ACTIVITY - Each word in the data below should be copied exactly; the images should not.

[Data extracted from a collection]
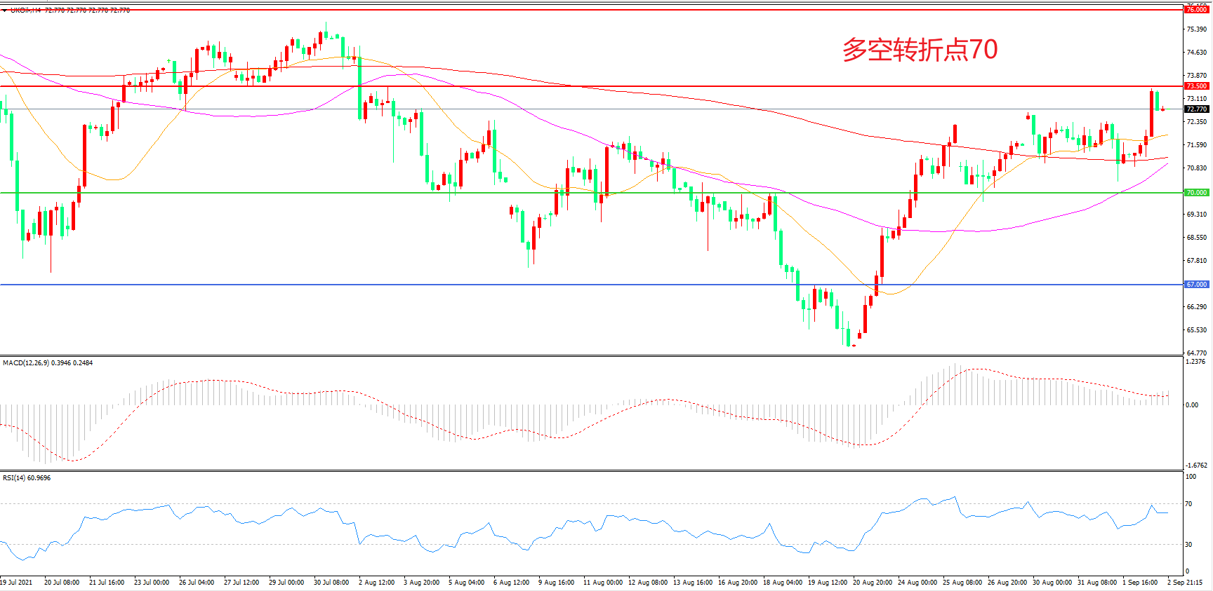 多空转折点:70.00
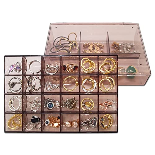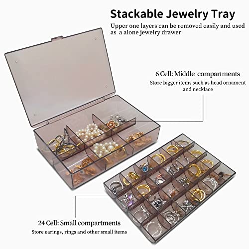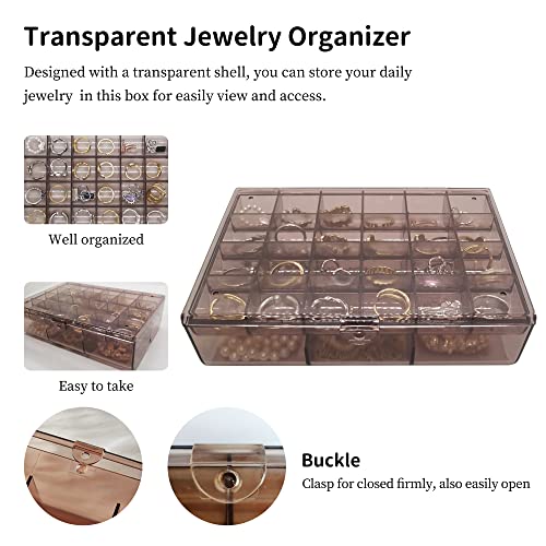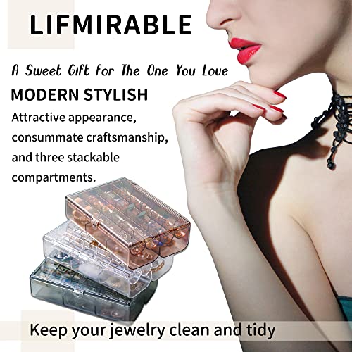 Lifmirable - منظم اقراط ومجوهرات شفاف الاكريليك من طبقتين مع صينية ديموجر و30 قسما مختلفا جويروس منتسب لهدايا الناسء والسفر، لايفمرابل، بلاستيك، ألومنيوم، أكريليك
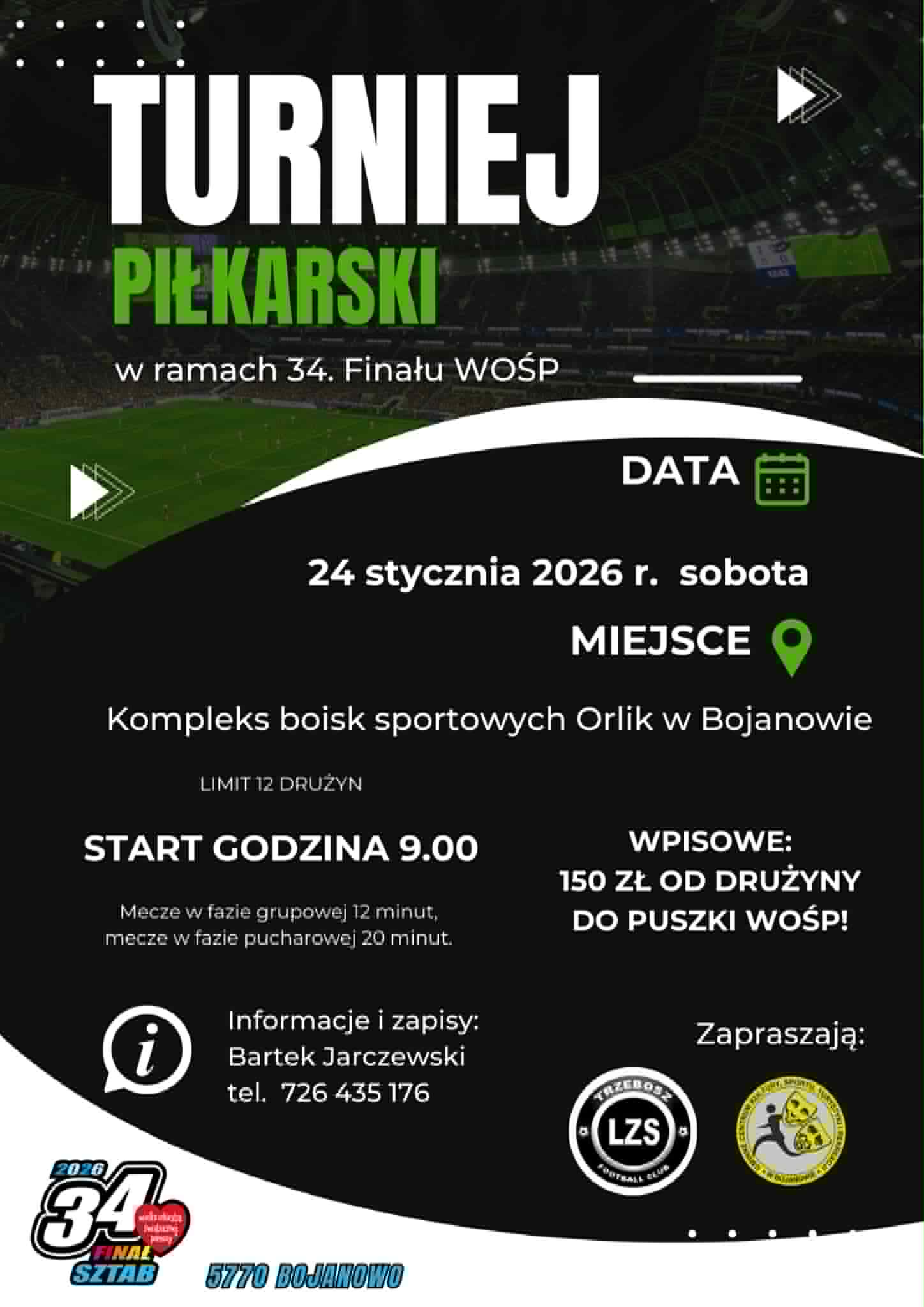 Sportowe emocje i pomoc w jednym – tak zapowiada się turniej piłkarski, który odbędzie się w sobotę, 24 stycznia 2026 roku, na kompleksie boisk Orlik w Bojanowie. Wydarzenie organizowane jest w ramach 34. Finału Wielka Orkiestra Świątecznej Pomocy.
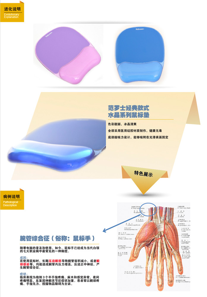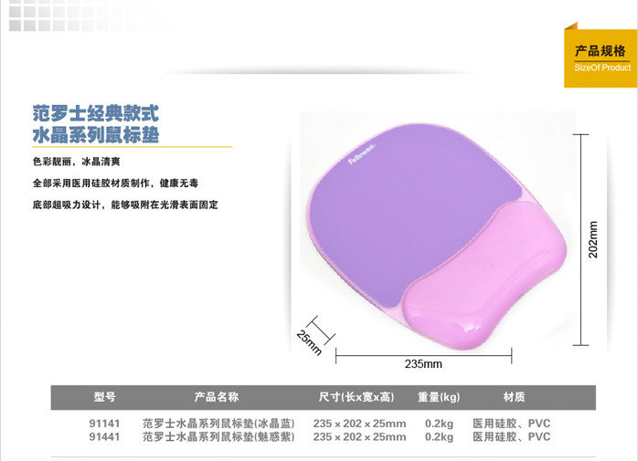 范罗士91441人体工学硅胶鼠标垫办公游戏防滑鼠标垫腕托魅惑紫
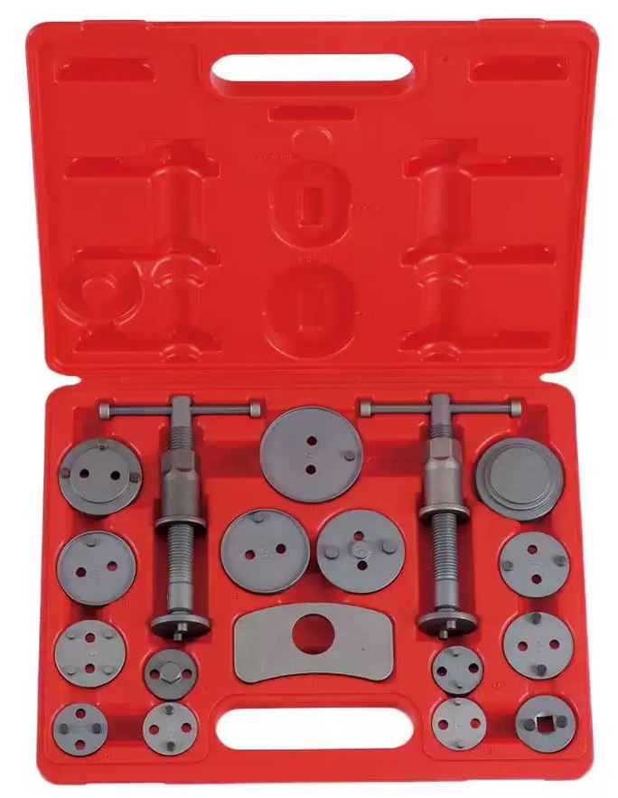 Suitable for many car brands, this tool set is designed for rotating and retracting brake pistons during brake pad and disc replacement. The set includes both left-hand and right-hand spindles, allowing for adjustment on both sides. With this set, you can independently replace your car’s brake pads and discs. To install the new parts, it’s necessary to reset the locked brake pistons. This comprehensive set enables simultaneous rotational movement while applying pressure to the brake piston, preventing damage to rubber seals and dust covers. It provides the right tools for almost every car brand. Contents: 1 Right-hand threaded spindle 1 Left-hand threaded spindle 1 Positioning plate 15 Adapter plates Fits: Citroen Audi Fiat Ford Isuzu Honda Jaguar BMW Nissan Mitsubishi Volkswagen Saab Mazda Toyota
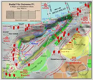 In mid-April, there were some indications that the imperials would retreat from Pest: such as the return of cotton sandbags to the inhabitants, the sandbags having been previously commandeered in order to build defences around the town.[31] On the other hand, Welden wrote a letter to Hentzi in which he ordered him to defend the Danube line, or at least Buda castle, for as long as "the condition of the defensive features of the castle [walls, bastions] and of your food supply makes it possible".[32] The commander-in-chief noted that Hentzi should respond to attacks and gunfire coming from the direction of Pest with bullets and grapeshot only, so as to spare the splendid buildings of the city, giving him permission to use roundshot and shell only if the population of Pest behaved in an unacceptable manner towards the imperials.[32] But Hentzi did not respect this order, and bombarded Pest, destroying the Classical styled buildings on the shores of the Danube, and others in Pest, despite the fact that the inhabitants did nothing to provoke him, and despite a personal request from Görgei in this regard.[33] Welden's letter informs Hentzi that the food supply of the castle was enough for 6 weeks and there was enough ammunition for the defense. It also states that any cannon to be found in Buda and Pest must be brought into the castle, the waterworks which enabled the defenders to be supplied with water from the Danube must be strengthened with firing platforms for cannon, and the palisades on the left bank of the Danube must be removed because they could be advantageous for the enemy.[34]
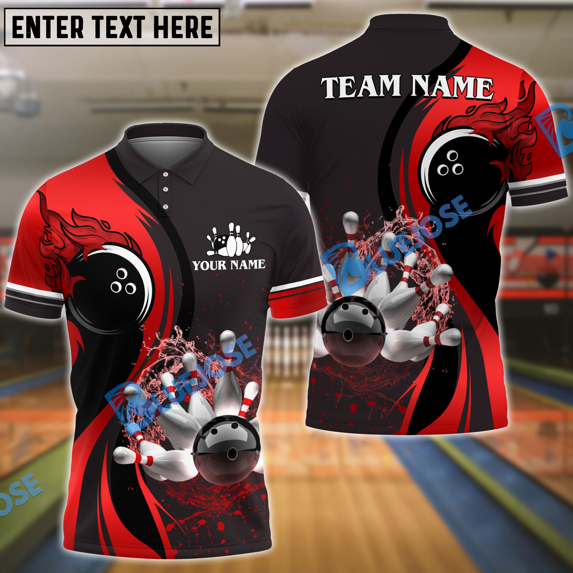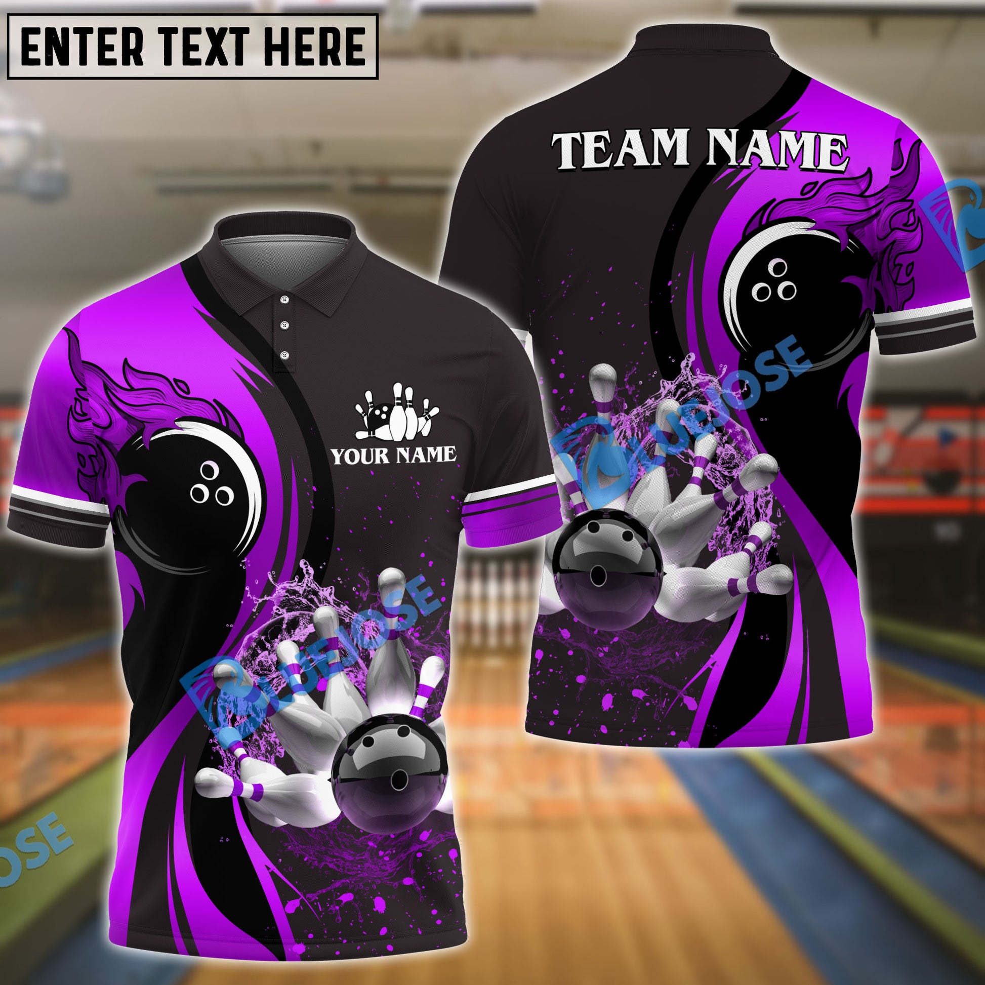 BlueJose Bowling And Pins Golden Splash Customized Name, Team Name 3D Shirt (4 Colors)
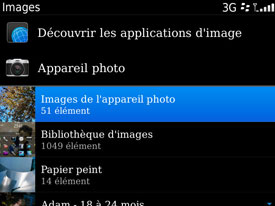 Enfin, la visionneuse de photo est elle aussi d'un classicisme à tout épreuve. C'est la même que celle qui existait déjà dans BlackBerry OS6. Elle propose une vue en grille ou en liste, et dispose d'un diaporama.
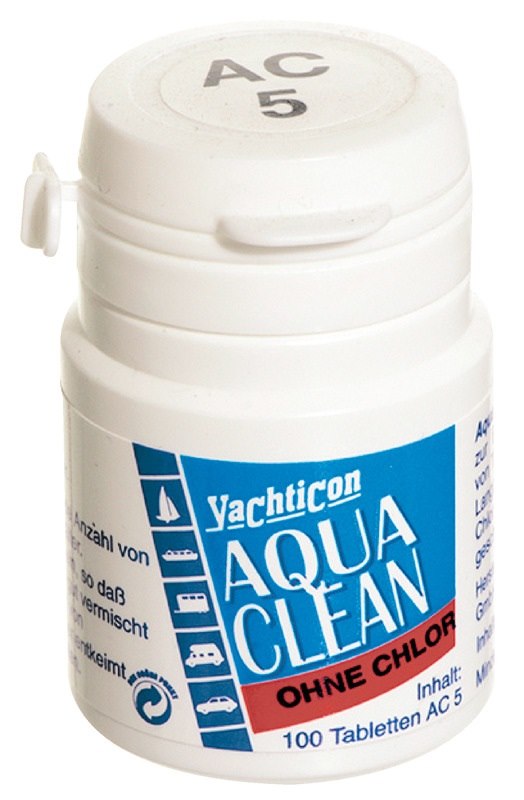 Yachticon Aqua Clean per il trattamento e la conservazione dell’acqua dolce nei serbatoi. Previene la contaminazione fino a sei mesi. A base d’argento, privo di cloro o altre sostanze chimiche, è insapore e inodore, adatto per acqua potabile e non.
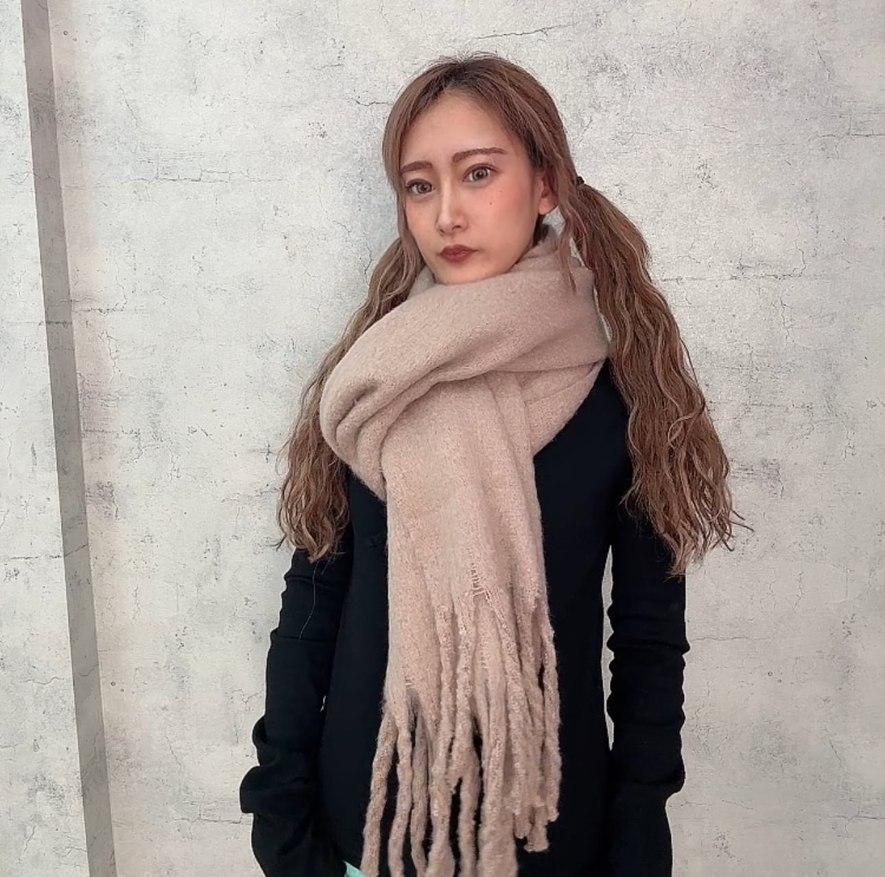 ふんわり柔らい起毛フェイクウールタッチの上質生地をたっぷり使用、暖かみとボリューム感溢れるワイドフリンジマフラー
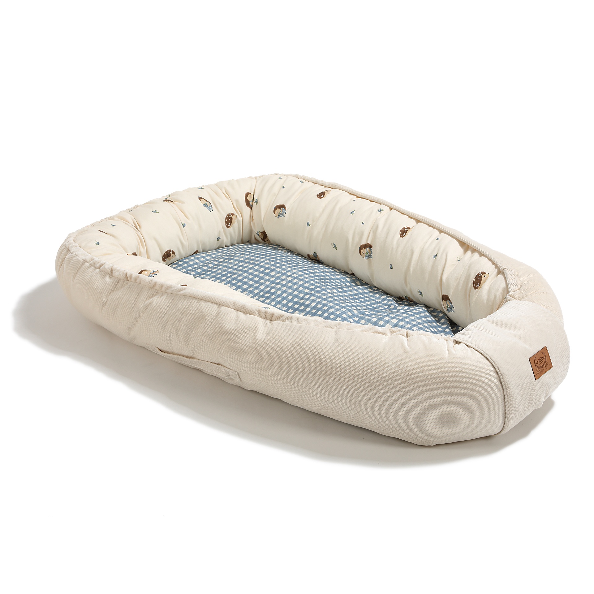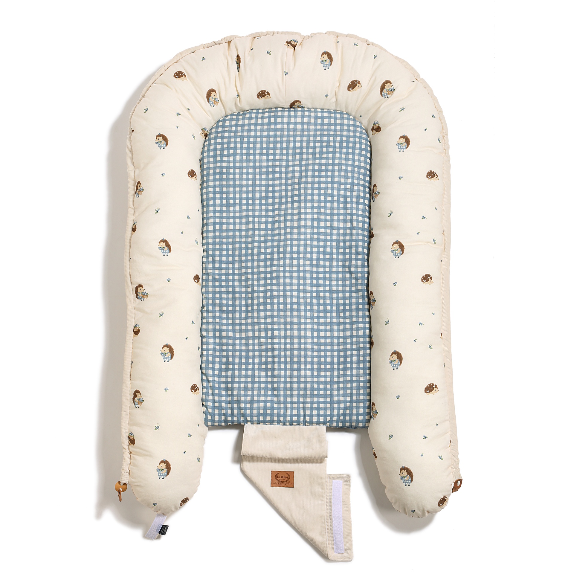 Šonai pripildyti minkštomis, hipoalerginėmis silikoninėmis granulėmis, kurios suteikia papildomo minkštumo ir saugumo. Lizdelio apačioje įsiūta elastinė vilna leidžia jį skalbti skalbimo mašinoje, nesijaudinant, kad vidinės dalys pasislinks. Lizdelį galima reguliuoti apačioje su raišteliu, todėl dydį galima pritaikyti pagal kūdikio amžių. Vyresniems vaikams lizdelis gali virsti draugiška žaidimų zona, kurioje vaikas gali nevaržomai judėti. Raištelis papildomai užsegamas saugumo juostele, todėl jis visiškai saugus mažyliui.
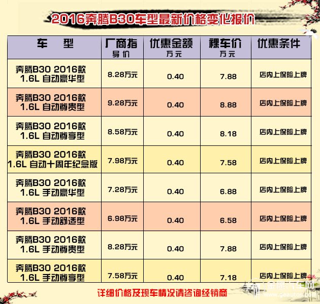 奔騰B30采用了中國(guó)一汽4GB系列高性能發(fā)動(dòng)機(jī),1.6L轎車黃金排量兼顧高動(dòng)力性及經(jīng)濟(jì)性,同時(shí)與其配合的是先進(jìn)的愛信全新六速手自一體變速箱,在不失駕控樂趣的同時(shí)更加經(jīng)濟(jì)節(jié)能,保證駕駛者始終擁有自由馳騁的完美體驗(yàn)。作為品質(zhì)家轎,奔騰B30做到了“家庭用車”與“樂享駕控”的平衡。以上為車型資料信息,本店提供了多項(xiàng)增值服務(wù),保險(xiǎn)上牌一條龍服務(wù),感興趣的朋友歡迎來(lái)電咨詢。優(yōu)惠購(gòu)車,就在一汽奔騰湖南瑞思4S店! 湖南瑞思全體員工期待您的光臨! 主營(yíng)車型:奔騰X80、奔騰X40、奔騰B90、奔騰B70、奔騰B50、奔騰B30 地址:長(zhǎng)沙星沙三一路118號(hào)(中南汽車 世界上三一路過跨線橋即到) qq購(gòu)車專號(hào):1160267556 公眾賬號(hào):hunanruisi 官方微博:http://weibo.com/bentengruisi
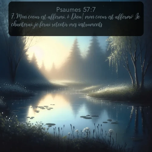 Psaumes 57:7 . Mon coeur est affermi, ô Dieu! mon coeur est affermi; Je chanterai, je ferai retentir mes instruments.
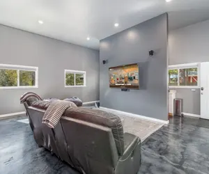 Recharge by the River is a modern retreat, featuring a sport court, private hot tub, and fenced yard. Perfect for families and adventure seekers, this three-bedroom haven offers everything you need for a relaxing and active getaway. Enjoy the nearby river activities, cook in the fully-equipped kitchen, or unwind in the living room by the fire. With pets welcome, this home is your ideal base for exploring the mountain charm of Leavenworth and the surrounding areas.

TASK OUTPUT -
 多空转折点:70.00
 Lifmirable - منظم اقراط ومجوهرات شفاف الاكريليك من طبقتين مع صينية ديموجر و30 قسما مختلفا جويروس منتسب لهدايا الناسء والسفر، لايفمرابل، بلاستيك، ألومنيوم، أكريليك
 Sportowe emocje i pomoc w jednym – tak zapowiada się turniej piłkarski, który odbędzie się w sobotę, 24 stycznia 2026 roku, na kompleksie boisk Orlik w Bojanowie. Wydarzenie organizowane jest w ramach 34. Finału Wielka Orkiestra Świątecznej Pomocy.
 范罗士91441人体工学硅胶鼠标垫办公游戏防滑鼠标垫腕托魅惑紫
 Suitable for many car brands, this tool set is designed for rotating and retracting brake pistons during brake pad and disc replacement. The set includes both left-hand and right-hand spindles, allowing for adjustment on both sides. With this set, you can independently replace your car’s brake pads and discs. To install the new parts, it’s necessary to reset the locked brake pistons. This comprehensive set enables simultaneous rotational movement while applying pressure to the brake piston, preventing damage to rubber seals and dust covers. It provides the right tools for almost every car brand. Contents: 1 Right-hand threaded spindle 1 Left-hand threaded spindle 1 Positioning plate 15 Adapter plates Fits: Citroen Audi Fiat Ford Isuzu Honda Jaguar BMW Nissan Mitsubishi Volkswagen Saab Mazda Toyota
 In mid-April, there were some indications that the imperials would retreat from Pest: such as the return of cotton sandbags to the inhabitants, the sandbags having been previously commandeered in order to build defences around the town.[31] On the other hand, Welden wrote a letter to Hentzi in which he ordered him to defend the Danube line, or at least Buda castle, for as long as "the condition of the defensive features of the castle [walls, bastions] and of your food supply makes it possible".[32] The commander-in-chief noted that Hentzi should respond to attacks and gunfire coming from the direction of Pest with bullets and grapeshot only, so as to spare the splendid buildings of the city, giving him permission to use roundshot and shell only if the population of Pest behaved in an unacceptable manner towards the imperials.[32] But Hentzi did not respect this order, and bombarded Pest, destroying the Classical styled buildings on the shores of the Danube, and others in Pest, despite the fact that the inhabitants did nothing to provoke him, and despite a personal request from Görgei in this regard.[33] Welden's letter informs Hentzi that the food supply of the castle was enough for 6 weeks and there was enough ammunition for the defense. It also states that any cannon to be found in Buda and Pest must be brought into the castle, the waterworks which enabled the defenders to be supplied with water from the Danube must be strengthened with firing platforms for cannon, and the palisades on the left bank of the Danube must be removed because they could be advantageous for the enemy.[34]
 BlueJose Bowling And Pins Golden Splash Customized Name, Team Name 3D Shirt (4 Colors)
 Enfin, la visionneuse de photo est elle aussi d'un classicisme à tout épreuve. C'est la même que celle qui existait déjà dans BlackBerry OS6. Elle propose une vue en grille ou en liste, et dispose d'un diaporama.
 Yachticon Aqua Clean per il trattamento e la conservazione dell’acqua dolce nei serbatoi. Previene la contaminazione fino a sei mesi. A base d’argento, privo di cloro o altre sostanze chimiche, è insapore e inodore, adatto per acqua potabile e non.
 ふんわり柔らい起毛フェイクウールタッチの上質生地をたっぷり使用、暖かみとボリューム感溢れるワイドフリンジマフラー
 Šonai pripildyti minkštomis, hipoalerginėmis silikoninėmis granulėmis, kurios suteikia papildomo minkštumo ir saugumo. Lizdelio apačioje įsiūta elastinė vilna leidžia jį skalbti skalbimo mašinoje, nesijaudinant, kad vidinės dalys pasislinks. Lizdelį galima reguliuoti apačioje su raišteliu, todėl dydį galima pritaikyti pagal kūdikio amžių. Vyresniems vaikams lizdelis gali virsti draugiška žaidimų zona, kurioje vaikas gali nevaržomai judėti. Raištelis papildomai užsegamas saugumo juostele, todėl jis visiškai saugus mažyliui.
 奔騰B30采用了中國(guó)一汽4GB系列高性能發(fā)動(dòng)機(jī),1.6L轎車黃金排量兼顧高動(dòng)力性及經(jīng)濟(jì)性,同時(shí)與其配合的是先進(jìn)的愛信全新六速手自一體變速箱,在不失駕控樂趣的同時(shí)更加經(jīng)濟(jì)節(jié)能,保證駕駛者始終擁有自由馳騁的完美體驗(yàn)。作為品質(zhì)家轎,奔騰B30做到了“家庭用車”與“樂享駕控”的平衡。以上為車型資料信息,本店提供了多項(xiàng)增值服務(wù),保險(xiǎn)上牌一條龍服務(wù),感興趣的朋友歡迎來(lái)電咨詢。優(yōu)惠購(gòu)車,就在一汽奔騰湖南瑞思4S店! 湖南瑞思全體員工期待您的光臨! 主營(yíng)車型:奔騰X80、奔騰X40、奔騰B90、奔騰B70、奔騰B50、奔騰B30 地址:長(zhǎng)沙星沙三一路118號(hào)(中南汽車 世界上三一路過跨線橋即到) qq購(gòu)車專號(hào):1160267556 公眾賬號(hào):hunanruisi 官方微博:http://weibo.com/bentengruisi
 Psaumes 57:7 . Mon coeur est affermi, ô Dieu! mon coeur est affermi; Je chanterai, je ferai retentir mes instruments.
 Recharge by the River is a modern retreat, featuring a sport court, private hot tub, and fenced yard. Perfect for families and adventure seekers, this three-bedroom haven offers everything you need for a relaxing and active getaway. Enjoy the nearby river activities, cook in the fully-equipped kitchen, or unwind in the living room by the fire. With pets welcome, this home is your ideal base for exploring the mountain charm of Leavenworth and the surrounding areas.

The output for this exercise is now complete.